Komisioner Kompolnas, Andrea Poeloengan, awalnya berbicara dari perspektif hukum, pada saat itu Maklumat Kapolri belum dapat menjadi rujukan hukum dan hanya sebagai imbauan. Menurutnya, dalam Undang-undang Nomor 12 Tahun 2011 tentang pembentukan peraturan perundang-undangan, maklumat bukan termasuk peraturan perundang-undangan.

"Jadi dari sudut peraturan perundangan-undangan tidak ada aturan hukum yang dilanggar," kata Andrea saat dihubungi, Kamis (2/4/2020).

Namun, kata dia, dari perspektif kode etik dan disiplin Polri, Maklumat Kapolri merupakan perintah lisan Kapolri yang dituangkan dalam tulisan dan bersifat perintah bagi seluruh jajaran Polri. Maka Kapolsek tersebut termasuk melanggar perintah pimpinan Polri.

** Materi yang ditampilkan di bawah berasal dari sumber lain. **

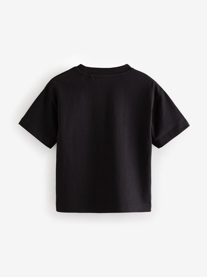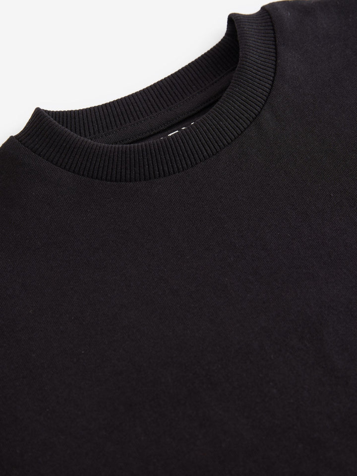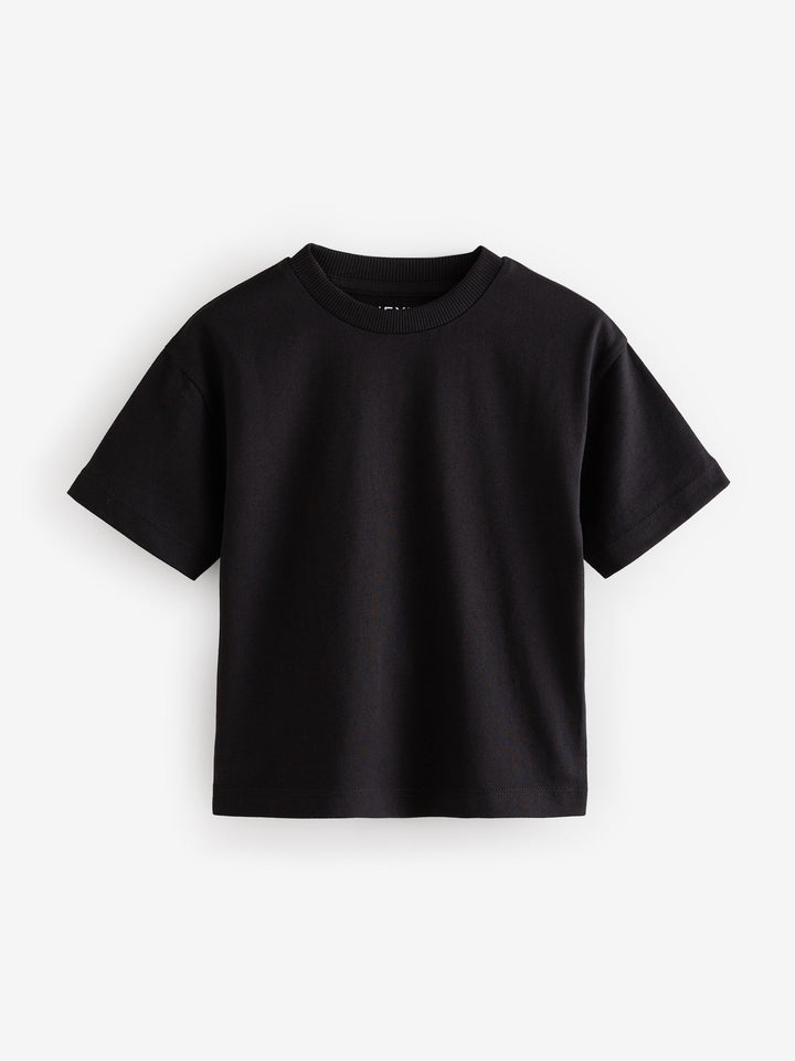 Cut to a relaxed fit, this casual black t-shirt is a style staple, featuring a premium feel thanks to the pure-cotton construction, with a crewneck collar and drop shoulders. Relaxed fit 100% cotton Crewneck collar Drop shoulders Machine washable. 100% Cotton. Country of Origin: Bangladesh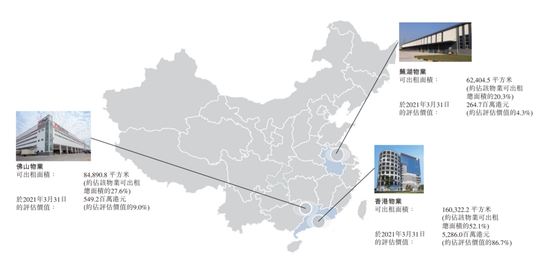 根据招股书,以上所有物业均为现代物流地产,包含配备有自动分拣及供应链支持设施的分拨中心。于2020年12月31日,可出租总面积为307,617.5平方米,评估价值为60.999亿港元,物业的平均出租率约为95.3%。各物业均位于香港及中国主要物流枢纽内,毗邻主要机场、海港、铁路、高速公路及交通枢纽。

"Maka, tidak hanya Kapolsek saja seharusnya yang dikenai sanksi kode etik atau disiplin, tetapi seluruh anggota/pejabat Polri yang hadir tanpa kecuali wajib diperiksa Propam dan segera disidangkan tidak dalam waktu yang lama," katanya.

"Termasuk Kanit Intel, Kapolsek dan Kasat Intel yang wilayah lokasi tempat pesta harus diperiksa, karena mengapa tidak mencegah sebelumnya dengan membatalkan izin keramaian serta membubarkan pesta tersebut," lanjutnya.

Lalu dalam foto yang beredar, Komjen Gatot selaku Wakapolri menghadiri pesta pernikahan itu. Maklumat Kapolri saat itu pun sudah berlaku bagi seluruh masyarakat termasuk anggota Polri.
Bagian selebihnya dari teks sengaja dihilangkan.